7    10/24/89 CPT Code: 90801 - Psychiatric Diagnos...
8                         3/7/86 SOS-10 Total Score:\n
9             (4/10/71)Score-1Audit C Score Current:\n
dtype: object

In [2]:
len(df)

500

<p>
    There are <b>500</b> medical records, each one with one date of interest. Dates are written in several different formats and our mission is to extract all of them.
</p>
<p>
    Let's check some random records, in order to better understand their content:
</p>

In [3]:
df.iloc[5]

'.Per 7/06/79 Movement D/O note:\n'

In [4]:
df.iloc[118]

'see 4/27/2006 consult note Dr. GuevaraWhat factors in prior treatment were helpful/not helpful:\n'

In [5]:
df.iloc[196]

".Feb 18, 1994: made a phone call to Mom and Mom commented that he was talking very fast, hard to interrupt, but was in super happy spirits, so didn't make a big deal of it.\n"

In [6]:
df.iloc[250]

') He endorsed the following hyperarousal symptoms: disturbed sleep (e.g., months with great sleep and then has nights he barely sleeps- mind racing with worries related to job, expecting a child (May 2005)); reckless or self-destructive behavior (e.g., see above); difficulty with concentration; some hypervigilance; and exaggerated startle response triggered by loud noises.\n'

In [7]:
df.iloc[300]

'.Since January 1994, she feels that hse has been much more irritable and frustrated towards her husband about 1 week prior to her menses. She does not have a h/o premenstrual mood symptoms.  She notes that little things would set her off with him. She was not this way at work or in other social settings.\n'

In [8]:
df.iloc[356]

'. Patient states that she will follow up with the Cotta Hospital clinic regarding getting a therapist for ongoing care. (Per LMR, pt transitioned to a new therapist in 9/2003 and was seen for 1 appointment; the pt canceled her f/u appt 2 weeks later and was not seen for f/u appointments since. )This visit for a one-time consultation only? Yes\n'

In [9]:
df.iloc[496]

'therapist and friend died in ~2006 Parental/Caregiver obligations:\n'

<h3>Defining Rules and Extracting Dates</h3>

In [10]:
# Extracting format 0 (04/20/2009; 04/20/09; 4/20/09; 4/3/09):
df0 = df.str.extract(r'(?P<month0>\d{1,2})[/-](?P<day0>\d{1,2})[/-](?P<year0>\d{2,4})')

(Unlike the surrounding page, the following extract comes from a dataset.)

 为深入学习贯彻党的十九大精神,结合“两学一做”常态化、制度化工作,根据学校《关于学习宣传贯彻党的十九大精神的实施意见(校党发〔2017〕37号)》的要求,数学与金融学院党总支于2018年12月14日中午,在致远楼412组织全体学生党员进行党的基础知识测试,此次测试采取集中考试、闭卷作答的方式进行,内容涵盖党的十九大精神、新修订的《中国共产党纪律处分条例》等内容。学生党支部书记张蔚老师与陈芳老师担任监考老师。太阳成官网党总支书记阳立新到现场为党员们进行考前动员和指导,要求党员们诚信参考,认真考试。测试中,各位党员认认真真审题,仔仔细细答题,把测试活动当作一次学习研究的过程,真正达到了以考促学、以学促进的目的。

# Extracting format 1 (Mar-20-2009; Mar 20, 2009; March 20, 2009; Mar. 20, 2009; Mar 20 2009):
df1 = df.str.extract(r'(?P<month1>Jan|Feb|Mar|Apr|May|Jun|Jul|Aug|Sep|Oct|Nov|Dec)[a-z]*[-,. ]+(?P<day1>\d{1,2})[-,. ]+(?P<year1>\d{2,4})')

# Extracting format 2 (20 Mar 2009; 20 March 2009; 20 Mar. 2009; 20 March, 2009):
df2 = df.str.extract(r'(?P<day2>\d{1,2}) (?P<month2>Jan|Feb|Mar|Apr|May|Jun|Jul|Aug|Sep|Oct|Nov|Dec)[a-z]*[,]* (?P<year2>\d{2,4})')

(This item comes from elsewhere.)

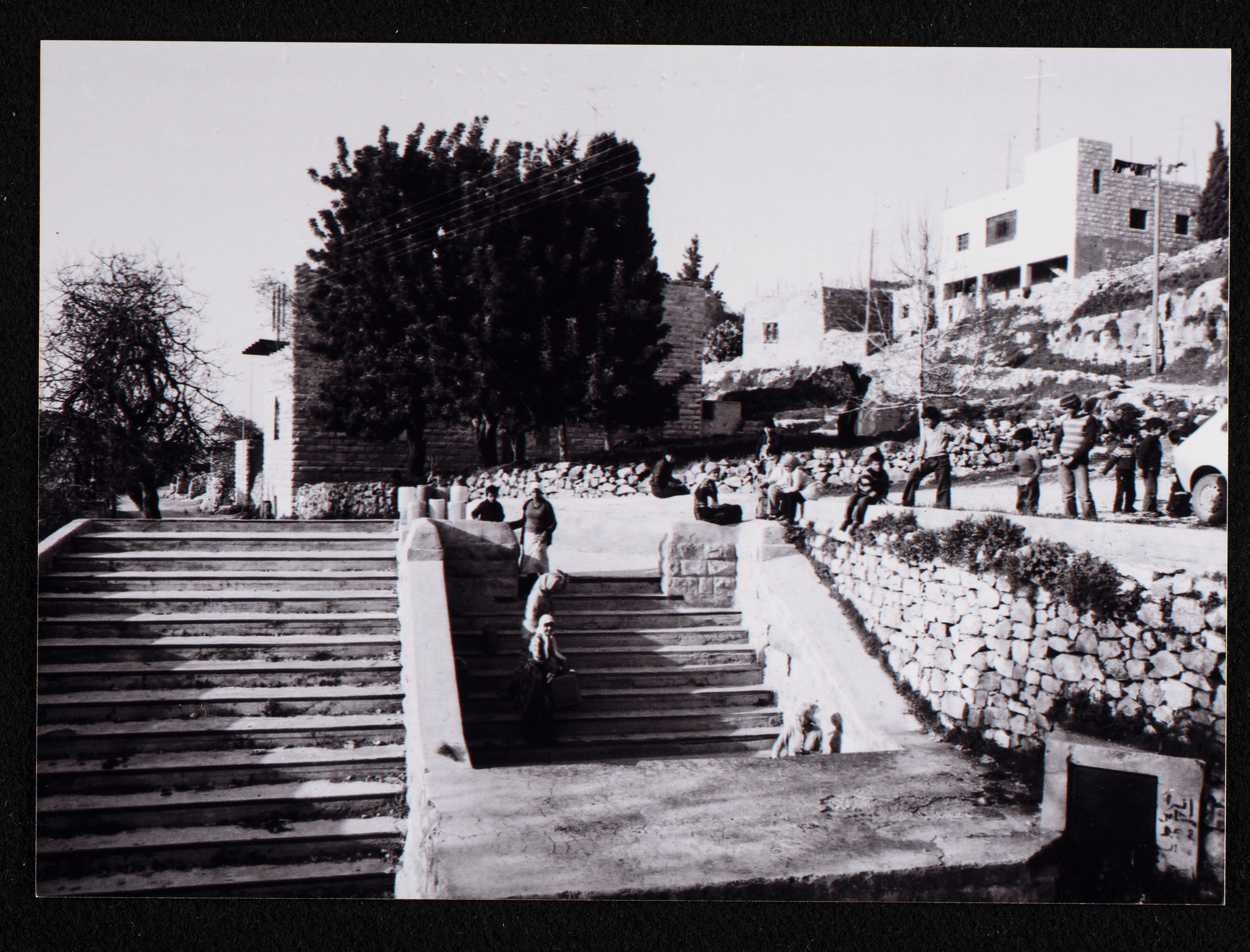 صورة أسود وأبيض، لنبع ماء في قرية بتير بمدينة بيت لحم.

# Extracting format 3 (Mar 20th, 2009; Mar 21st, 2009; Mar 22nd, 2009):
df3 = df.str.extract(r'(?P<month3>Jan|Feb|Mar|Apr|May|Jun|Jul|Aug|Sep|Oct|Nov|Dec)[a-z]* (?P<day3>\d{1,2})[st]*[nd]*[th]*[,]* (?P<year3>\d{2,4})')

# Extracting format 4 (Feb 2009; September 2009; Oct, 2010):
df4 = df.str.extract(r'(?P<month4>Jan|Feb|Mar|Apr|May|Jun|Jul|Aug|Sep|Oct|Nov|Dec)[a-z]*[,]* (?P<year4>\d{2,4})')

# Extracting format 5 (6/2008; 12/2009):
df5 = df.str.extract(r'(?P<month5>\d{1,2})/(?P<year5>\d{4})')

# Extracting format 6 (2009; 2010):
df6 = df.str.extract(r'(?P<year6>19\d{2}|20\d{2})')

<h3>Grouping Days, Months and Years</h3>

In [11]:
# Selecting day, month and year
days = pd.DataFrame()
months = pd.DataFrame()
years = pd.DataFrame()

In [12]:
# Days:
days['day0'] = df0['day0']
days['day1'] = df1['day1']
days['day2'] = df2['day2']
days['day3'] = df3['day3']
days['Day'] = 0
days.head()

Unnamed: 0,day0,day1,day2,day3,Day
0,25,,,,0
1,18,,,,0
2,8,,,,0
3,27,,,,0
4,6,,,,0


In [13]:
# Months:
months['month0'] = df0['month0']
months['month1'] = df1['month1']
months['month2'] = df2['month2']
months['month3'] = df3['month3']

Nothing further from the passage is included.